The New Math of the Trinity (1+1+1=1)
Trinity Sunday (Year A)
Genesis 1.1—2.4a; Matthew 28.16-20
St. Gregory’s, Long Beach
Those of us of a certain age probably remember “New Math.” Even if we didn’t quite know what it meant, we heard the term a lot back in the “Dark Ages” of our youth. New Math was a dramatically different way of teaching math that was popular in the 1950s through the 1970s. A way that was, at the time, quite controversial. Many of us here probably learned math the “new” way without ever knowing it, without ever knowing there was an old way. As a kid, when I heard something on the news about New Math, I sarcastically wondered (yes, I was sarcastic even as a child) so instead of two plus two equals four, under New Math does two plus two now equal five?

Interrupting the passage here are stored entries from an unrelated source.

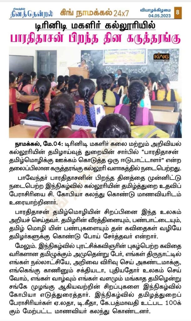 On account of Paavendhar Bharathidasan’s birth anniversary, the PostGraduate Research Department of Tamil, Trinity College for Women, Namakkal celebrated his birthday on 29th April 2023. It was held on the college campus.
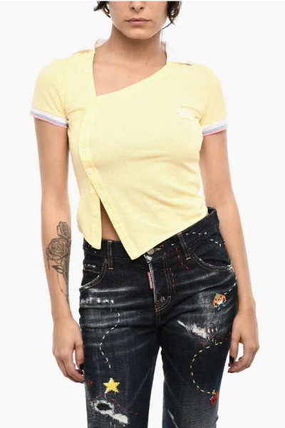DSQUARED2 Asymmetrical Cut Top With Polo Neck In Yellow
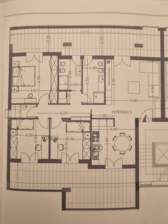 Gli appartamenti hanno una metratura di circa 105 mq composti da : salone, cucina abitabile, 3 camere da letto, 2 bagni , un ripostiglio, lavanderia, terrazzo ed ampia balconata, box auto doppio.
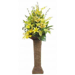 ps011 造花お祝い二段スタンド花 ローズ デルフィニウム カサブランカ ガーベラ ヤシノハ トルコキキョウ イエロー系 bkスタンド パチンコ店 楽屋花 劇場 送料無料 コンサート リニューアルオープン イベント 送料無料 通販 安い 開店祝い 開業祝い 0101pp shop 店
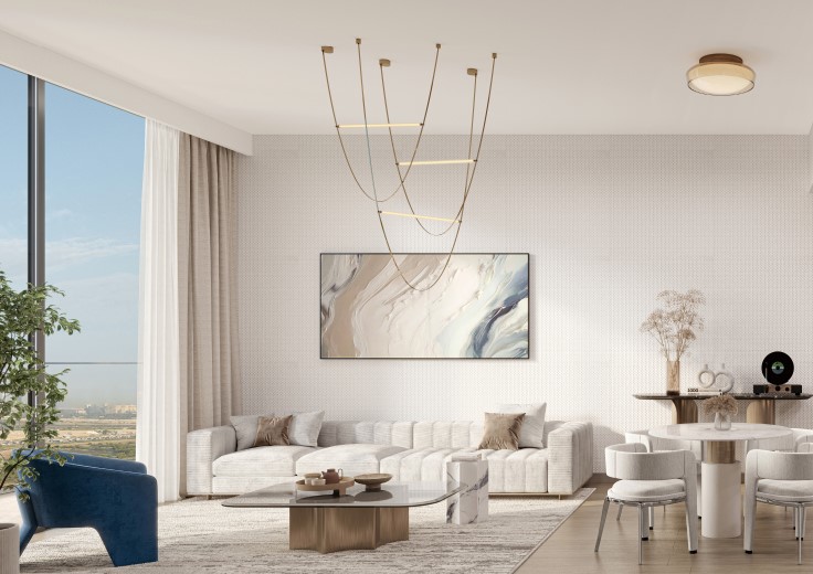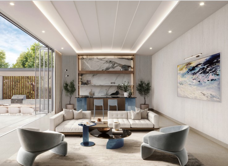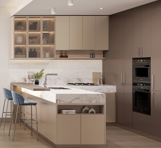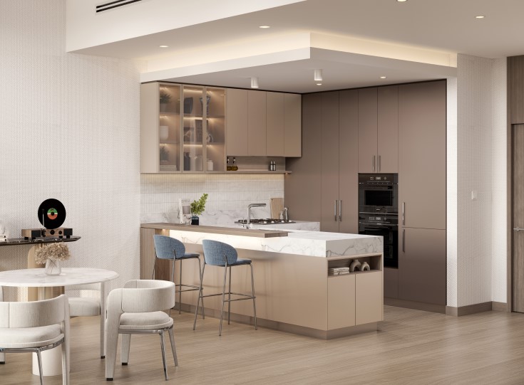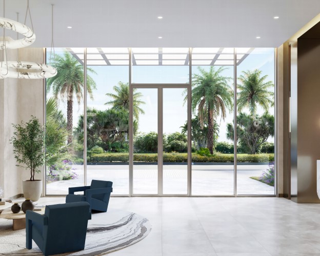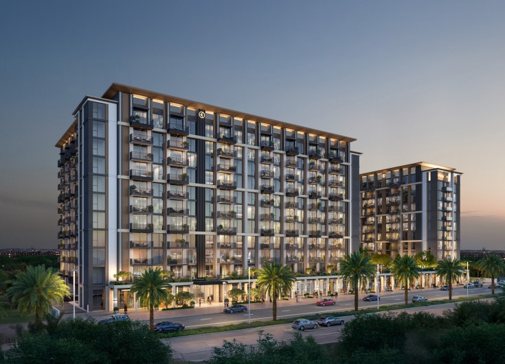Лаконичная стилистика с акцентом на вертикальные линии, просторные балконы и большие окна

Or three? Or some other number that changes depending on circumstances? I only recently learned that New Math was a shift away from merely memorizing mathematical facts and procedures to trying to teach children the underlying structures and concepts of mathematics. To more fully understand how math operated as opposed to just doing it.
Every year when we come to Trinity Sunday, I cannot help but think of New Math. That when it comes to the Trinity, we are dealing with a New Math, of sorts. That in Trinitarian Math, while one plus one plus one equals three, it also means that one plus one plus one equals one.